= Getrag 282 transmission =

5-speed manual transaxle

1990 Getrag 282 internals

The Getrag 282 transmission was a 5-speed manual transaxle designed by Getrag for Chevrolet. It is sometimes referred to as the Muncie 282 or the Muncie Getrag 282, as the transmission was manufactured by the Muncie, Indiana manual transmission plant. It has been used in various front-wheel drive transverse engine applications including the Chevrolet Cavalier, Pontiac Sunbird, Pontiac Grand Am, Chevrolet Beretta and the Oldsmobile Achieva. It was also used in the mid-engined rear-wheel drive Pontiac Fiero. In its later years, the Getrag 282 was manufactured by New Venture Gear and renamed the NVG T550.

==Gear ratios==
The topic of available gear ratios has been widely debated due to the numerous applications of this transaxle. The 1987 GM Getrag Service Manual confirms that there are at least two versions of the Getrag 282. According to the manual, the two versions were sold under 5 different part numbers based on body and engine usage. The first version, Regular Production Option (RPO) code MG2 was used for all GM V6 applications (FWD and the RWD Fiero) and the second version, RPO code MG1, was used for the 2.0 L turbocharged engine used by Pontiac and Buick. Gear ratios are given below, as taken from the GM Product Service Training Manual.

MG2 and MG1 ratios:
- 1st gear: 3.50:1
- 2nd gear: 2.05:1 (MG2), 2.19:1 (MG1)
- 3rd gear: 1.38:1
- 4th gear: 0.94:1
- 5th gear: 0.72:1
- Reverse: 3.41:1
- Final drive ratio: 3.61:1

A later version was designed for the Quad 4 High-Output engine, using a 3.50/2.05 1st/2nd, 1.38 3rd, 1.03:1 4th, .80:1 5th, and 3.94:1 final drive.

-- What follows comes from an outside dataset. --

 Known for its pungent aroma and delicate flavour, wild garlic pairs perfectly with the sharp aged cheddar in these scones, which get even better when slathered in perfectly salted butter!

The Getrag 282 used in Quad 4-equipped 1990 and 1991 Pontiac Grand Prix and Oldsmobile Cutlass Supremes is rumored to use a 3.77/2.19 1st/2nd gear while retaining the 3.61:1 final drive ratio. An export-only version is confirmed to have been built for use in Oldsmobile Silhouette vans sold in the European market as the Pontiac Trans Sport. It was mated to the Quad 4 engine and uses a 3.77/2.19/1.38/1.03/.80/3.94 gearset.

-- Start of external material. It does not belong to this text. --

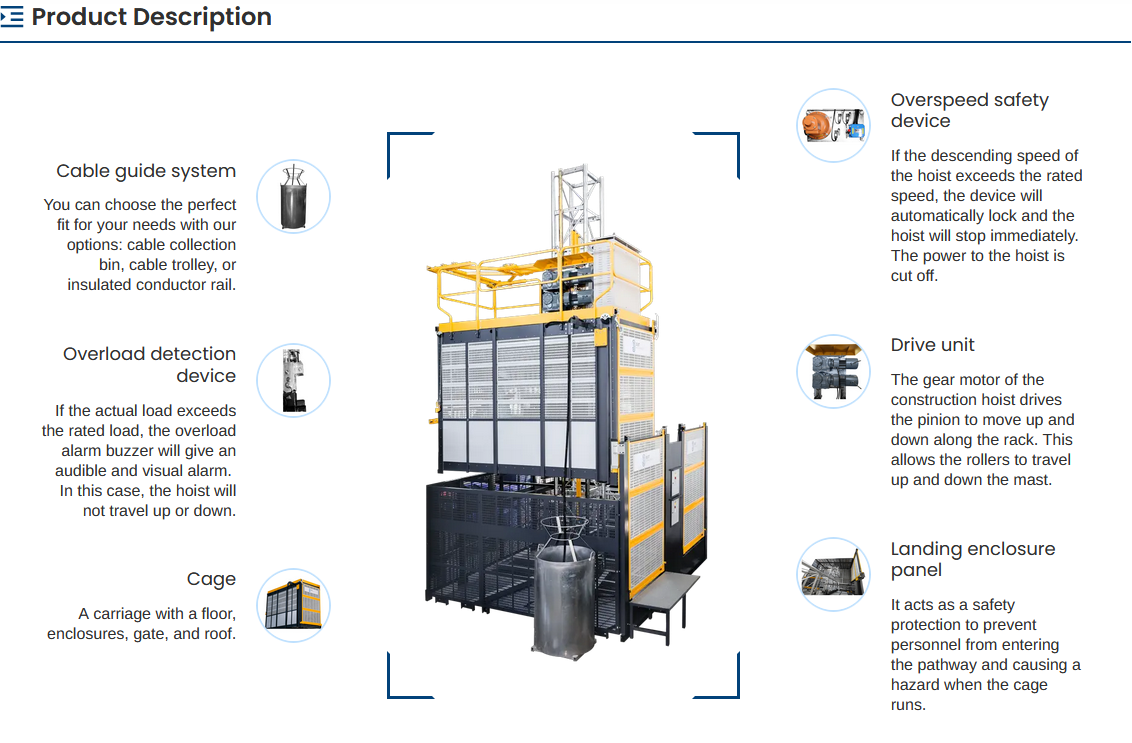 The construction hoist is a crucial piece of lifting machinery used in the construction industry, providing vertical access for operators, materials, and equipment. It is primarily used for working at heights, transporting materials, installing equipment, and performing cleaning and renovation tasks at construction sites. This essential vertical access solution is indispensable for construction projects.

Mixing of gearsets can be achieved due to the similarity between the various transmissions, but some gears must be interchanged in sets. First and second gear are integral to the input shaft and cannot be interchanged independently. All transmissions have a third gear ratio of 1.38:1. However, third and fourth gear are clustered on the counter shaft which was available with two different fourth gear ratios: 1.03:1 or .94:1. Fifth gear is independently interchangeable and available with a .80:1 and .72:1 ratio.